Upload this file to the Data Hub. Typically, you would upload this file to a database dedicated to runs with this tool, in a column named receptor.

2. Ligand File

  • Format: PDBQT.
  • Represents the small molecule (e.g., a drug or compound).
  • Prepared by calculating torsions and assigning charges using AutoDock Tools or MGLTools.
  • Other input formats (e.g., PDB or MOL2) must be converted to PDBQT using preparation tools before use in AutoDock Vina.

Upload this file to the Data Hub. Typically, you would upload this file to a database dedicated to runs with this tool, in a column named ligand.

Parameters

This section describes the parameters for a tool run, that are passed in the start_run function.

Search Space

Defines the area of the receptor where docking will occur. This is critical for focusing on the active site or binding pocket.

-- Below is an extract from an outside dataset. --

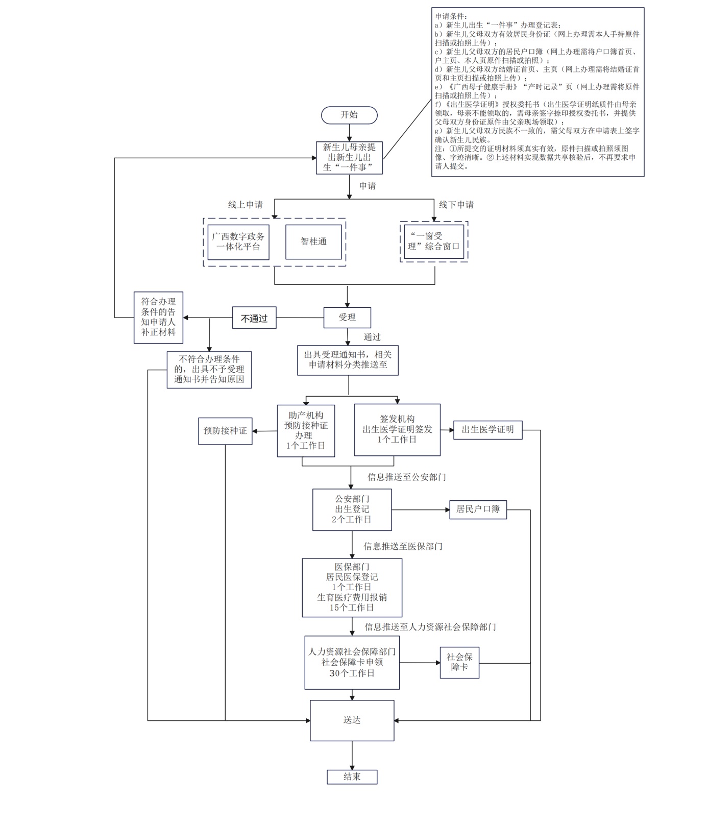 (二)办理方式。线上办理,依托广西数字政务一体化平台和“智桂通”多渠道随时随地网上办理,通过新生儿出生“一件事专区”,采用“智能导引、一表申报、证照免交、信息预填”等智能化方式集成服务,实现“网上办”和“掌上办”。线下办理,在具有《出生医学证明》签发资质的助产机构开设新生儿出生“一件事”综合窗口,实行“一窗受理、集成服务”;无《出生医学证明》签发资质的助产机构要设置新生儿出生“一件事”咨询窗口或咨询台。同时鼓励各地结合实际进行服务渠道拓展、预约快办等创新。

center_x, center_y, center_z

  • Coordinates of the center of the search box, specified in Ångstroms.
  • Should be based on the binding site of the receptor (obtained from experimental data or visual inspection).

size_x, size_y, size_z

  • Dimensions of the search box along each axis (in Ångstroms).
  • Determines the search region’s size. A larger box covers more area but increases computation time.
  • For most cases, sizes between 20-30 Ångstroms per side are typical for a flexible ligand.

Docking Parameters

energy_range

  • The energy difference (in kcal/mol) between the best pose and the worst acceptable pose.
  • Smaller values prioritize only low-energy poses; larger values allow more diverse poses.

exhaustiveness

  • Determines the thoroughness of the search.
  • Higher values increase the number of sampling attempts, improving accuracy but requiring more computational time.
  • Default is 8; lower values (e.g., 1-4) are faster but less exhaustive.

num_modes

  • The maximum number of docking poses to generate.
  • Vina will output up to this many unique poses for analysis.

Running Vina on Deep Origin

To run AutoDock Vina on Deep Origin, follow these steps:

1. Create a database to store input and output files

2. Start a tool run on Deep Origin

For this tool run, we will use the following parameters:

search_space = {
    "center_x": 15.190,
    "center_y": 53.903,
    "center_z": 16.917,
    "size_x": 1.1,
    "size_y": 1.1,
    "size_z": 1.1,
}

docking = {
    "energy_range": 0.3,
    "exhaustiveness": 1,
    "num_modes": 9,
}

To start a tool run, use:

from deeporigin.tools import run

job_id = run.autodock_vina(
    database_id="<your-db-name>",
    row_id="<row-name>",
    search_space=search_space,
    docking=docking,
    output_column_name="<output-column-name>",
    receptor_column_name="<receptor-column-name>",
    ligand_column_name="<ligand-column-name>",
)

run.autodock_vina returns the ID of the tool run, that can be used to monitor the status of the run and terminate it if needed.

run.autodock_vina prints a message that looks like:

🧬 Job started with ID: 9f7a3741-e392-45fb-a349-804b7fca07d7

To monitor the status of the tool run, use:

from deeporigin.tools.utils import query_run_status
query_run_status("9f7a3741-e392-45fb-a349-804b7fca07d7")

To wait for the tool run to finish, use:

from deeporigin.tools.utils import wait_for_job
wait_for_job("9f7a3741-e392-45fb-a349-804b7fca07d7")

Outputs

Docked Poses

  • Format: PDBQT.
  • Contains the ligand poses docked in the receptor.
  • Each pose includes the coordinates, torsional flexibility, and orientation of the ligand.